> **Activity**
Every line of the listing below from the one with "Zdecydowana większość inwestorów" up to and including the one with "SC Team - This" should be retyped exactly, and nothing else; pictures are not part of the copy.
*** Opening Material for this task ***
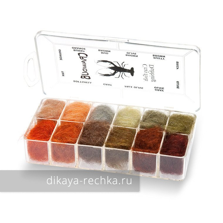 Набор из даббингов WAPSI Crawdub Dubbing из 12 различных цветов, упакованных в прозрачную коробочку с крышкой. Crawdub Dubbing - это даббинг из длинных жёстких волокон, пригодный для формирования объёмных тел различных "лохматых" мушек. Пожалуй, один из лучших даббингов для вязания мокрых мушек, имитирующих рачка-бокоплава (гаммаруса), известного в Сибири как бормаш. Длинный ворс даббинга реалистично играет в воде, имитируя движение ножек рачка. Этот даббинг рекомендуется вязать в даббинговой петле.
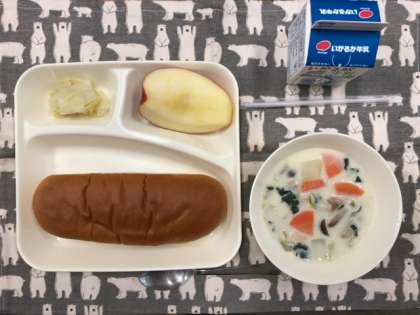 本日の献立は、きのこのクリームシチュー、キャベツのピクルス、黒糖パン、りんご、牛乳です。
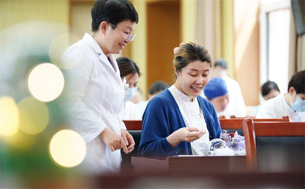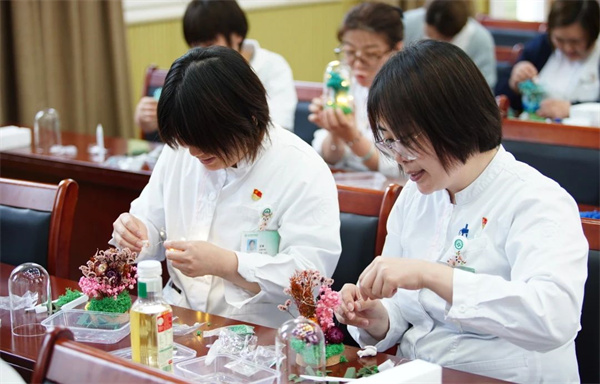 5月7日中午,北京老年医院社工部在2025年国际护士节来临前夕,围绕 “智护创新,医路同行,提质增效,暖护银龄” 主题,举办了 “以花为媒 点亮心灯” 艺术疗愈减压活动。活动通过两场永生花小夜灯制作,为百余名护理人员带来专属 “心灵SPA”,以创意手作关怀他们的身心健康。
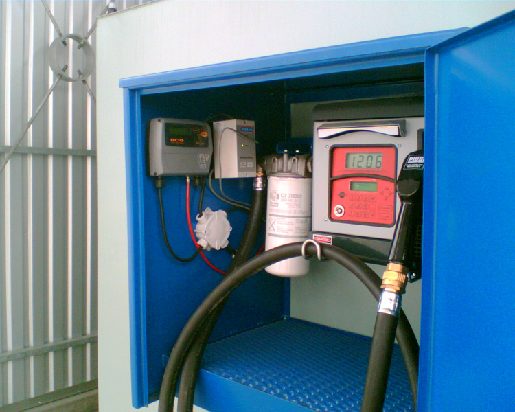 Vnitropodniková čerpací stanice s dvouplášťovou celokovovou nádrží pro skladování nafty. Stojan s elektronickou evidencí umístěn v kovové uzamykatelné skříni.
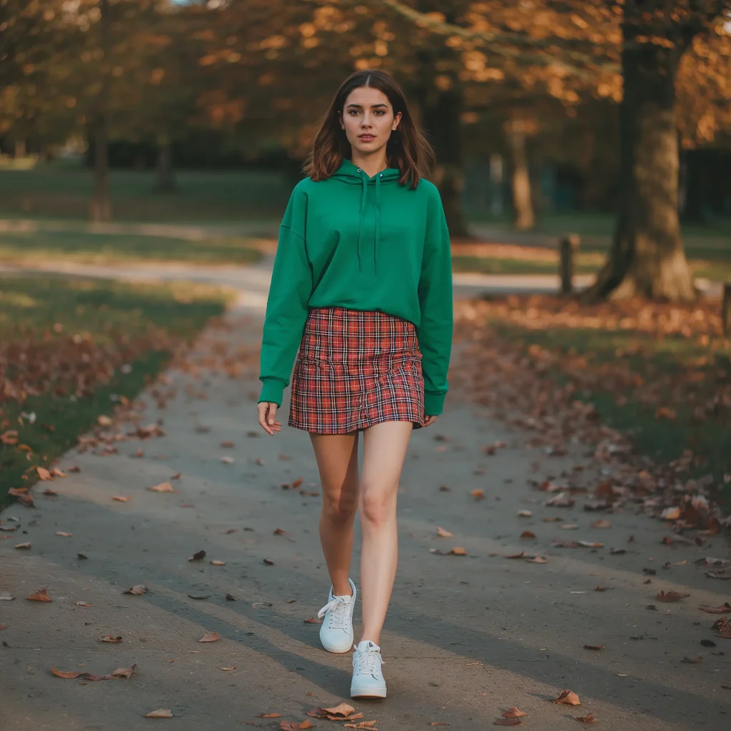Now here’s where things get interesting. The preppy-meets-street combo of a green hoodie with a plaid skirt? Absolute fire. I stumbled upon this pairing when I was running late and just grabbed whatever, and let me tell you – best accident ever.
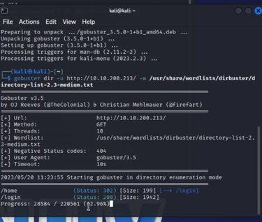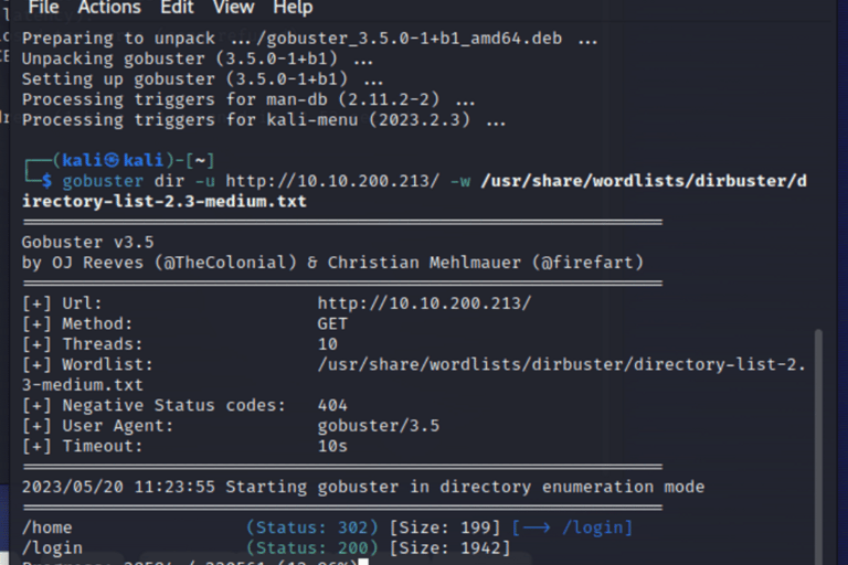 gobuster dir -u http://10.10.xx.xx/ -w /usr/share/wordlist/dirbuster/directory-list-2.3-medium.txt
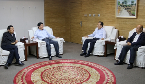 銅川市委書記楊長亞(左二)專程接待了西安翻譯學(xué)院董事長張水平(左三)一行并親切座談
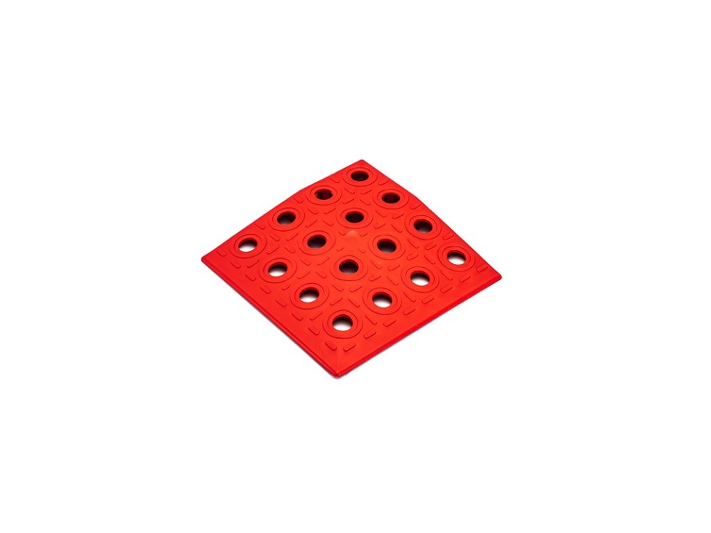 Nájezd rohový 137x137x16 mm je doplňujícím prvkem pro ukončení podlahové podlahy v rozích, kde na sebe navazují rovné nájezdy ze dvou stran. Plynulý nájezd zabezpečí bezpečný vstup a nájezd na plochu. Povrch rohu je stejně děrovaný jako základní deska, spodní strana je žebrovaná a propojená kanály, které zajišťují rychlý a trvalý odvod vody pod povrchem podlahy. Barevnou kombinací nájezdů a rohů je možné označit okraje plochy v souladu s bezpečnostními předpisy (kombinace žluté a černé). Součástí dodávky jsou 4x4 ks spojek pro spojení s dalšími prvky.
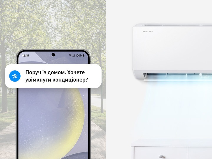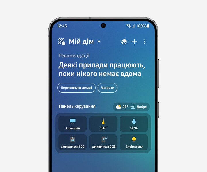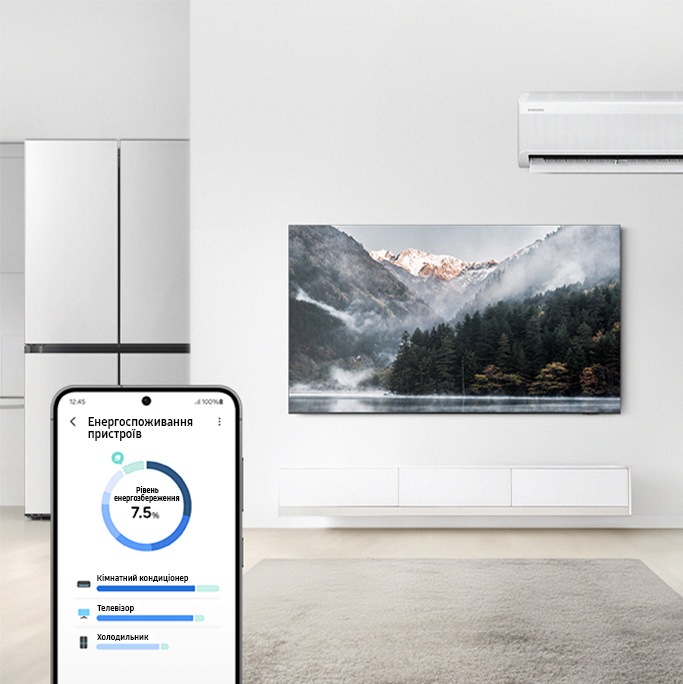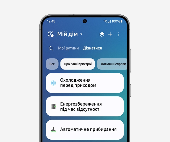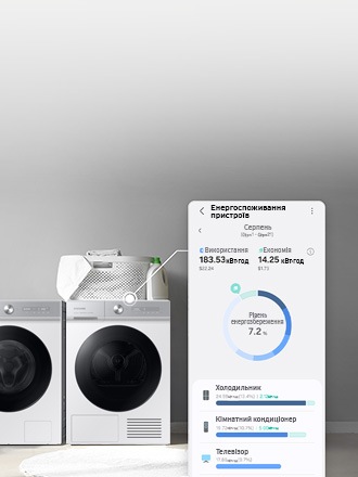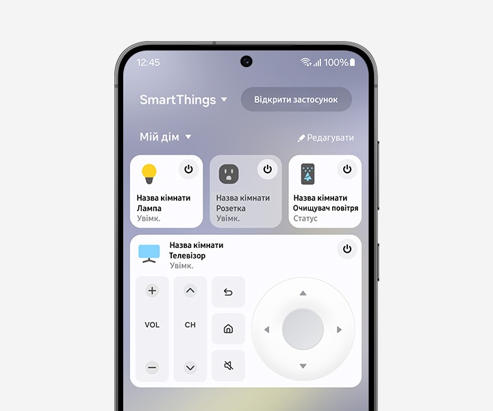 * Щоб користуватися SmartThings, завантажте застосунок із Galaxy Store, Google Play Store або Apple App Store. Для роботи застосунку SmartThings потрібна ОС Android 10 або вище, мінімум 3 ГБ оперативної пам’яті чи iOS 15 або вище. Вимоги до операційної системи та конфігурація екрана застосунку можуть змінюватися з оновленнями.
*** Closing Material for this task ***
*** Opening Material for this task ***
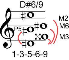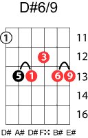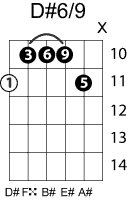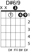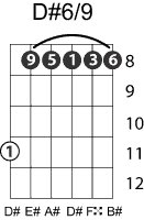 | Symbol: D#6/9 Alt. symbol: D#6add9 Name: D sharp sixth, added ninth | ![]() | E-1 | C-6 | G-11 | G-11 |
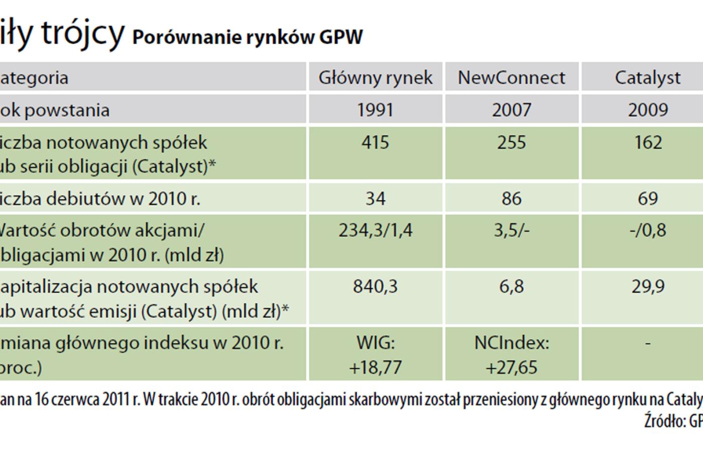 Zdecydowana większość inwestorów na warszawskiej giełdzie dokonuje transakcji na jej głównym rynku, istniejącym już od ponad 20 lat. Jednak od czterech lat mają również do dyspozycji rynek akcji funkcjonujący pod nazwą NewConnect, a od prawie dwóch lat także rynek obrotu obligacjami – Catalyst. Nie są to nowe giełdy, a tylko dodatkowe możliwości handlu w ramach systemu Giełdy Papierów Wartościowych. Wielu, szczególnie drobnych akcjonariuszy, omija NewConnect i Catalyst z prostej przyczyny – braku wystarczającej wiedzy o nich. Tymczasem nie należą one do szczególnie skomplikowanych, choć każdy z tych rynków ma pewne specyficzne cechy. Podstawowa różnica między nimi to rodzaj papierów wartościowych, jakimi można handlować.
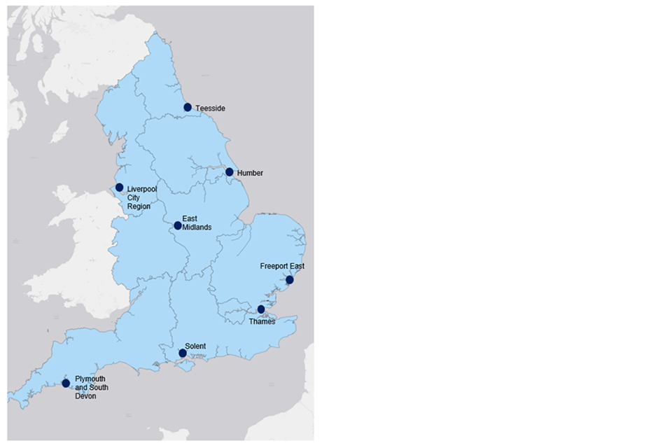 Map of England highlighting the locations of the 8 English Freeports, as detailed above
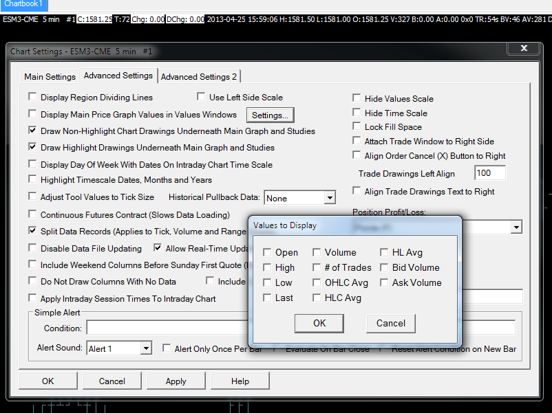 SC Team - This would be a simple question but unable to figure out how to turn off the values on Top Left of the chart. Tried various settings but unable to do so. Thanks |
*** Closing Material for this task ***
> **Answer below**
 Zdecydowana większość inwestorów na warszawskiej giełdzie dokonuje transakcji na jej głównym rynku, istniejącym już od ponad 20 lat. Jednak od czterech lat mają również do dyspozycji rynek akcji funkcjonujący pod nazwą NewConnect, a od prawie dwóch lat także rynek obrotu obligacjami – Catalyst. Nie są to nowe giełdy, a tylko dodatkowe możliwości handlu w ramach systemu Giełdy Papierów Wartościowych. Wielu, szczególnie drobnych akcjonariuszy, omija NewConnect i Catalyst z prostej przyczyny – braku wystarczającej wiedzy o nich. Tymczasem nie należą one do szczególnie skomplikowanych, choć każdy z tych rynków ma pewne specyficzne cechy. Podstawowa różnica między nimi to rodzaj papierów wartościowych, jakimi można handlować.
 Map of England highlighting the locations of the 8 English Freeports, as detailed above
 SC Team - This would be a simple question but unable to figure out how to turn off the values on Top Left of the chart. Tried various settings but unable to do so. Thanks |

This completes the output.